* _Work required_
Return only the lines below starting at the line containing "クリスマス カラーに街が色づき始める中、我が家のアイドルも一足先にサンタ化 笑" and ending at the line containing "The collection contains 10,454", both included, exactly as they are and with no pictures.

* _Provided data_
------------------------------------------------------------------------

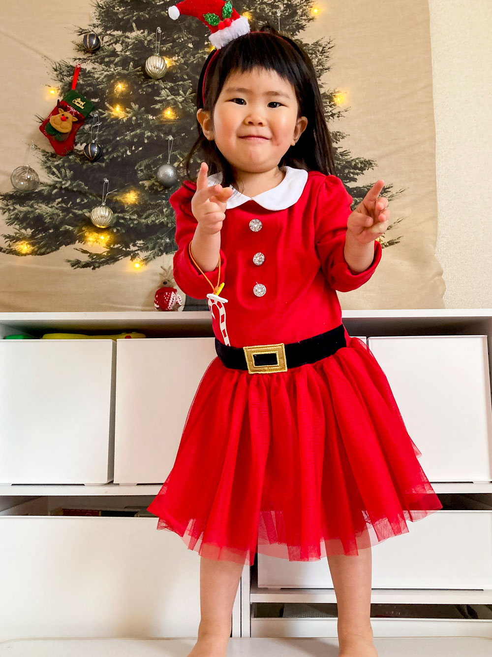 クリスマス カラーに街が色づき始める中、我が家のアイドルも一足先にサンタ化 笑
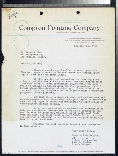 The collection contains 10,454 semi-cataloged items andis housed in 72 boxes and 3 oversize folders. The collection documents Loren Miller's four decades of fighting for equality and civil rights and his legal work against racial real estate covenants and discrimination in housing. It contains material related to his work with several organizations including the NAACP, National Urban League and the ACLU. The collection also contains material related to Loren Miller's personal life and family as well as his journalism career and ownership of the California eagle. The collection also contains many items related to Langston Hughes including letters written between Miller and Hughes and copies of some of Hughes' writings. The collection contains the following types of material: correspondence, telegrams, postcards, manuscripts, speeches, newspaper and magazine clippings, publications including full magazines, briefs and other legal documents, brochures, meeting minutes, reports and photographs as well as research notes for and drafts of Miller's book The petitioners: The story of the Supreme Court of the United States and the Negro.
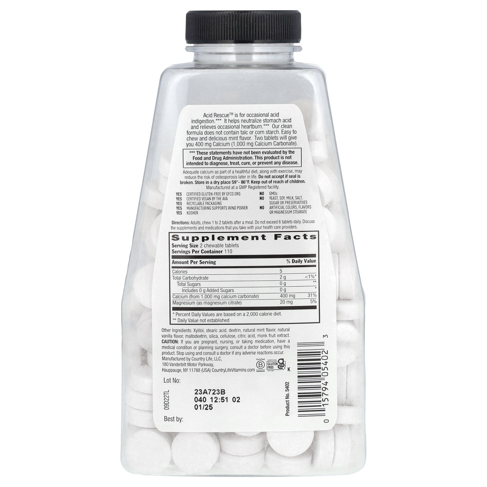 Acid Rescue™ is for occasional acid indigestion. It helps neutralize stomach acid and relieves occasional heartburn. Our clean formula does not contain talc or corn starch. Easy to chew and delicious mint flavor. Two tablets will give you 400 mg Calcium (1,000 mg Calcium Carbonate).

------------------------------------------------------------------------

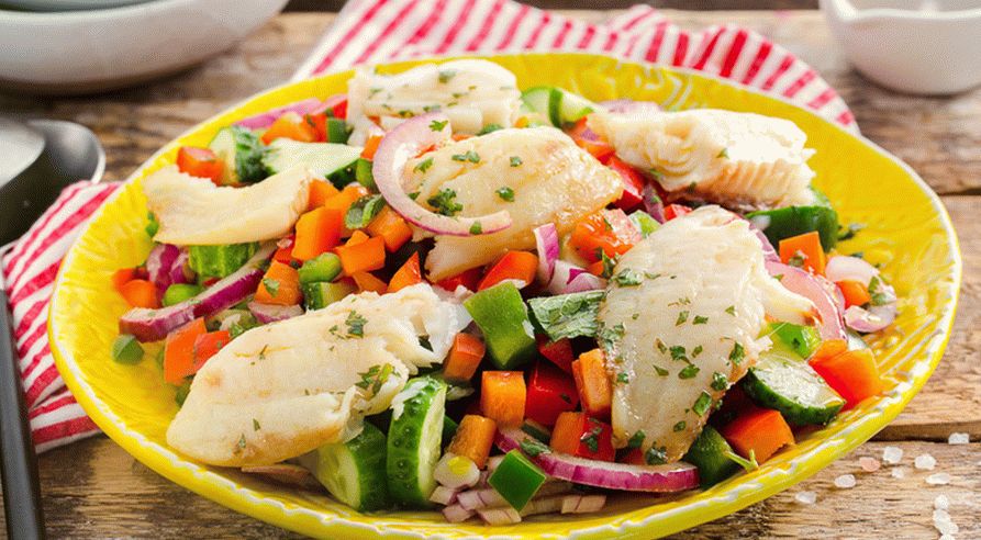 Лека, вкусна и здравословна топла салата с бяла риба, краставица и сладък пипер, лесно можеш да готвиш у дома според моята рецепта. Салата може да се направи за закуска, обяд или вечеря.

------------------------------------------------------------------------

* _Reply_
 クリスマス カラーに街が色づき始める中、我が家のアイドルも一足先にサンタ化 笑
 The collection contains 10,454 semi-cataloged items andis housed in 72 boxes and 3 oversize folders. The collection documents Loren Miller's four decades of fighting for equality and civil rights and his legal work against racial real estate covenants and discrimination in housing. It contains material related to his work with several organizations including the NAACP, National Urban League and the ACLU. The collection also contains material related to Loren Miller's personal life and family as well as his journalism career and ownership of the California eagle. The collection also contains many items related to Langston Hughes including letters written between Miller and Hughes and copies of some of Hughes' writings. The collection contains the following types of material: correspondence, telegrams, postcards, manuscripts, speeches, newspaper and magazine clippings, publications including full magazines, briefs and other legal documents, brochures, meeting minutes, reports and photographs as well as research notes for and drafts of Miller's book The petitioners: The story of the Supreme Court of the United States and the Negro.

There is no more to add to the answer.